In subgroup analyses, with respect to sociodemographic parameters, countries with high income levels and higher HDI had a significantly lower prevalence of ATI (P-value <0.001). In subgroup analysis, according to income level, the highest and lowest prevalence of ATI were found in low (1.6%; 95% CI: 0.4–3.7%) and high (0.8%; 95% CI: 0.6–1%) income countries, respectively. According to HDI, the highest prevalence of ATI were found in countries with low HDIs (2.3%; 95% CI: 1–4.1%), and the lowest prevalence in countries with high HDIs (0.7%; 95% CI: 0.5–0.9%) (Table 3). Additional subgroup analyses, according to geographic and climate parameters (latitude, longitude, humidity, mean temperature, and precipitation), are shown in Table 3.

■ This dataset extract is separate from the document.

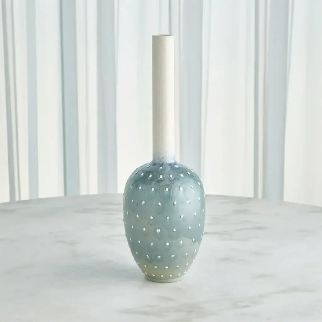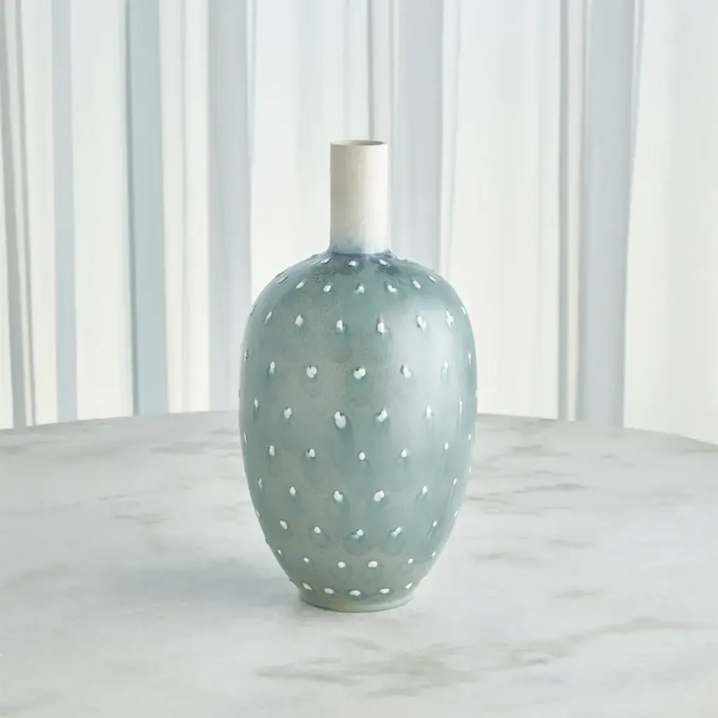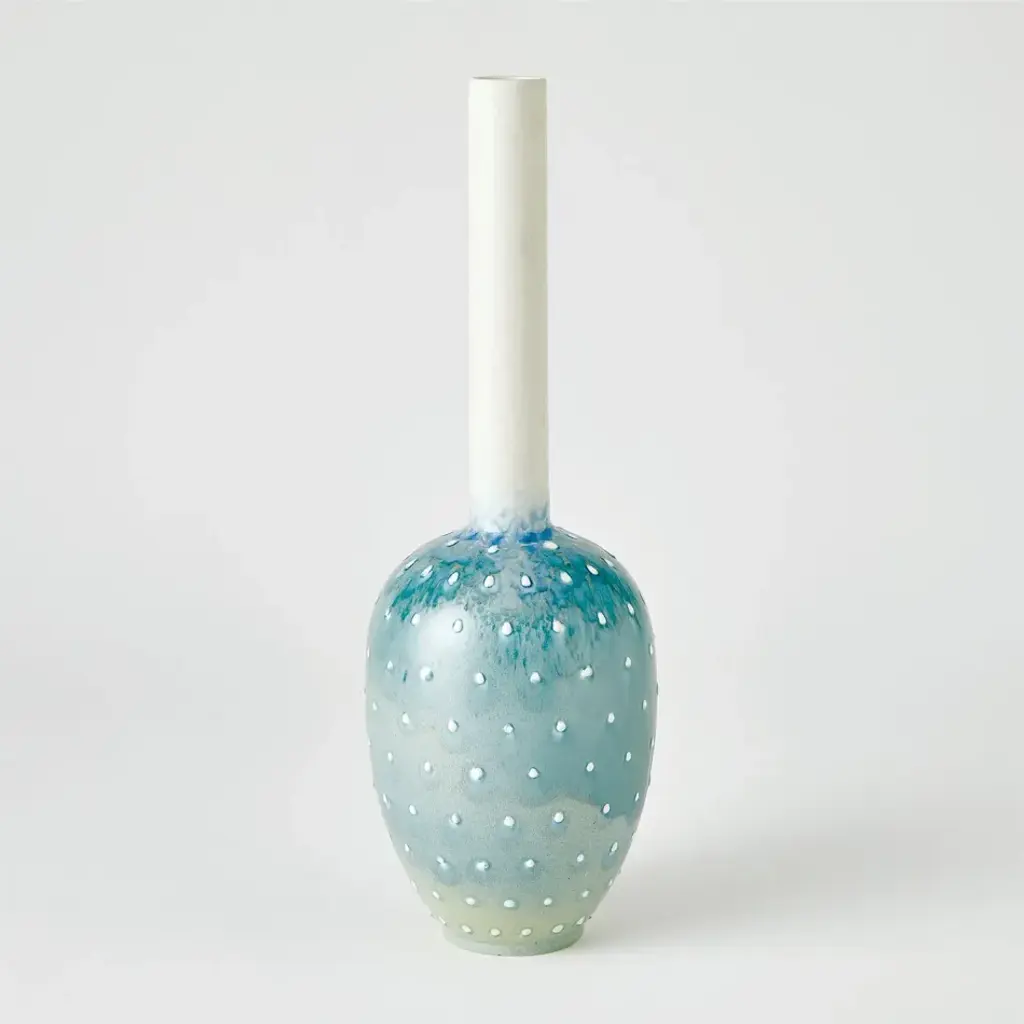 The Spotted Vases are slip-cast Portuguese ceramics with a lamb's ear reactive glaze finish and hand-applied dot details. From a fashion forward perspective, Global Views offers accessories, furniture, statement lighting, and an assortment of rugs and mirrors to add beauty and joy to your home.

Meta-regression analyses showed a non-significant increasing trend in ATI prevalence with increasing overall seropositivity rates (latent Toxoplasma infection) in pregnant women or in the overall population (coefficient [C] = 0.008; P-value = 0.17) (Fig 4, Table 2). There was a non-significant decreasing trend in ATI prevalence with larger study-sample sizes (C = -5. 79e-08; P-value = 0.1) and over time (C = 0.0007; P-value = 0.57). There was a significant decreasing trend with increasing income levels (C = -0.005; P-value = 0.03) and HDI (C = -0.005; P-value = 0.006) (S3 Fig, Table 2). A significant decreasing trend in ATI prevalence was also seen with increasing geographical latitude (C = -0.00026, P-value = 0.005); while an overall significant increasing trend was seen with increasing longitude (C = 0.0008, P-value = 0.02), although prevalence increased between longitudes 0–70° and then decreased between longitudes 70–130° (S3 Fig, Table 3). Furthermore, a significant increasing trend in ATI prevalence was seen with increasing mean environmental temperature (C = 0.0004; P-value = 0.02); while a non-significant decreasing trend was seen with increasing relative humidity (C = -0.0001, P-value = 0.18) and increasing annual precipitation (C = -6.41, P-value = 0.81) (S3 Fig).
Discussion
To our knowledge, this is the first study to evaluate published evidence on the global and regional prevalence of ATI in pregnant women. We estimated that, globally, approximately 1.1% of pregnant women are acutely infected with T. gondii during gestation. Following more strict criteria for the definition of ATI, we have found that the prevalence of ATI in pregnant women was about 0.6%. These prevalence rates represent a significant burden of infection in pregnant women, and suggest that a large number of newborns are at risk of acquiring congenital toxoplasmosis in utero and at risk of developing long-term sequelae from the disease, if left undiagnosed and untreated. Our findings support the need for universal screening of pregnant women during the gestation period. Approximately 50% of pregnant women with ATI are asymptomatic or may have mild non-specific flu-like symptoms; without universal screening throughout gestation (ideally every 1–3 months) these cases will remain undiagnosed. Prompt diagnosis and treatment of ATI during gestation, and ideally within 3–4 weeks from the time of acute maternal infection, could be helpful to prevent MTCT of congenital toxoplasmosis and ameliorate the severity of the disease [7, 10, 11, 17, 30, 31]. The spectrum of disease resulting from congenital toxoplasmosis in countries without universal prenatal screening for Toxoplasma infection is significantly more severe as compared with countries where such prenatal screening and treatment programs are routinely implemented. ATI, identified during pregnancy, allows for promptly initiated ante-natal and post-natal treatment for congenital toxoplasmosis [4, 32, 33].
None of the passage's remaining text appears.